China’s Ministry of Commerce announced the addition of 16 US entities to its export control list, effective from April 4 onward. The move prohibits the export of dual-use items to firms operating in critical sectors including National Defense Science and Technology, Artificial Intelligence, Drones, Aerospace Engineering, and Supply Chain Management. Companies affected must immediately terminate ongoing related business activities and seek approval for any previously contracted exports.
Background: The decision follows escalating tensions in US-China economic relations, marked by the recent US imposition of an additional 34% tariff on Chinese goods, bringing the total tariff to an unprecedented 54%. China’s latest measures reflect its commitment to safeguarding national security and adhering to international non-proliferation standards.

Additional Developments:
- China’s Ministry of Commerce stated that further actions might be considered depending on subsequent US responses and emphasized their desire to stabilize bilateral trade relationships through dialogue.

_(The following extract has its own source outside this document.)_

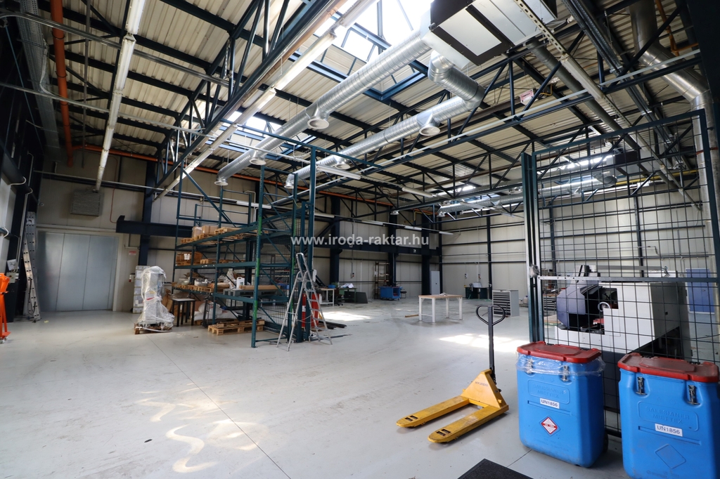 - 798sqm large manufacturing hall with 8m internal height, heated by black radiants, air-conditioned, gate with ramp, size: 4.6*4m. Resin floor. Consists of manufacturinga area, test labor, small office.

- Industry experts warn of potential significant disruptions in the supply chain, particularly impacting technology and aerospace sectors reliant on advanced dual-use components sourced from China.
- The US Department of Commerce has expressed disappointment over China’s decision, describing it as “counterproductive,” and indicated it would assess possible countermeasures.
- Markets reacted negatively to the announcement, with notable declines in stocks related to aerospace, defense, and technology sectors in both Chinese and US exchanges.
- Analysts anticipate further economic ripple effects globally, as companies scramble to reassess supply chain risks and explore alternative procurement strategies in light of these newly imposed export controls.